Sounds like ManMitt’s campaign manager needs to take a pair of scissors to the Platinum Visa.
Why doesn’t he just take all his dough and set fire to it? That’s about the effect that all this spending is going to have on his campaign at this point.
Okay, so he wins the Iowa and New Hampshire primaries. So what? No offense to the people in those states, but spending that kind of money on those primary campaign ads is like dumping a million dollars on an ad in the buy and sell….in Bird’s Landing (that’s the smallest town in the USA, BTW).

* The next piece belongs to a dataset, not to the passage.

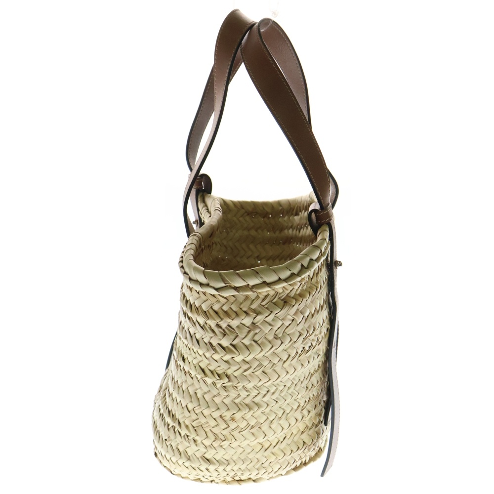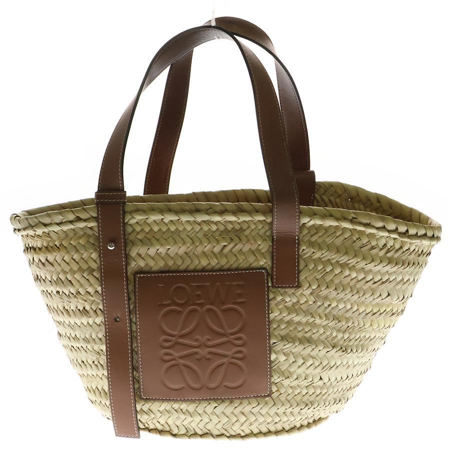 [モデル]アナグラム カゴバック ハンドバッグ トートバッグ ベージュ×ブラウン シルバー金具 ラフィア

Why not save it for ads in California and Florida where you can amass huge numbers of delegates?
Mind you, ManMitt is a bazillionaire, so what does it really matter? Normally we have to turn to independent candidates to find gazillionaires who get off on blowing their money running for president. Mike Bloomberg will be happy to know that job’s filled this time around. So he can stay here at NYC city hall and keep taking the Lexington Ave subway line to work. (Seriously, he does. Not sure why. I sure as hell wouldn’t, if I was a zillionaire. That’s the worst subway line in Manhattan. Maybe it’s a guilt thing.)
How come you don’t whine when your profs make you do it?
And the Hillary campaign is under fire for planting a question in the audience with this girl. I don’t see what the big deal is, frankly. That’s what university students are trained to do — regurgitate leftist talking points on cue.